DATA TO PROCESS:
---

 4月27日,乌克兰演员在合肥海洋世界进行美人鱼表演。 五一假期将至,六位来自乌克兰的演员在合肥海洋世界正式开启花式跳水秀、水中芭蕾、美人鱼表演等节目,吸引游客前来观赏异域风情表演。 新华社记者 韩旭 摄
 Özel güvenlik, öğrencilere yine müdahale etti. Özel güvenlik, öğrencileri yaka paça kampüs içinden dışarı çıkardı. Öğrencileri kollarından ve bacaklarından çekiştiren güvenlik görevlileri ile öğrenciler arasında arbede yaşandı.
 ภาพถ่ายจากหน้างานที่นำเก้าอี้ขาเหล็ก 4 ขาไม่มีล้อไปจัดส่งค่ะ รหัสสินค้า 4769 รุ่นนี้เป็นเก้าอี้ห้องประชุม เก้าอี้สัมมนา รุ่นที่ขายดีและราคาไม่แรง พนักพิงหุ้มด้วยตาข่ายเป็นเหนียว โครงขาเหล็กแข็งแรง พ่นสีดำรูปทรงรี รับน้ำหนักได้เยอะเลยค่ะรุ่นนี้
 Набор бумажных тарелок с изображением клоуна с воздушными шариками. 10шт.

---

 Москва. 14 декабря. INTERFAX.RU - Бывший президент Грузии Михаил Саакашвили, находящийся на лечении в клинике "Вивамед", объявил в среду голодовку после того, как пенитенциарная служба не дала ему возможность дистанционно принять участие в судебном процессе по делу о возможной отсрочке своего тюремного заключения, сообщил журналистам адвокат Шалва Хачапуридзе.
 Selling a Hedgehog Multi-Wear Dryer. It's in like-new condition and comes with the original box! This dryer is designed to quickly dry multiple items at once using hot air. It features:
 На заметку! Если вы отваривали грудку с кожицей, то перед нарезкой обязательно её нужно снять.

---

Would you please copy exactly the part of the entries above that begins at the line containing "Selling a Hedgehog" and ends at the line containing "На заметку! Если", both lines included?

WRITTEN SOLUTION:
 Selling a Hedgehog Multi-Wear Dryer. It's in like-new condition and comes with the original box! This dryer is designed to quickly dry multiple items at once using hot air. It features:
 На заметку! Если вы отваривали грудку с кожицей, то перед нарезкой обязательно её нужно снять.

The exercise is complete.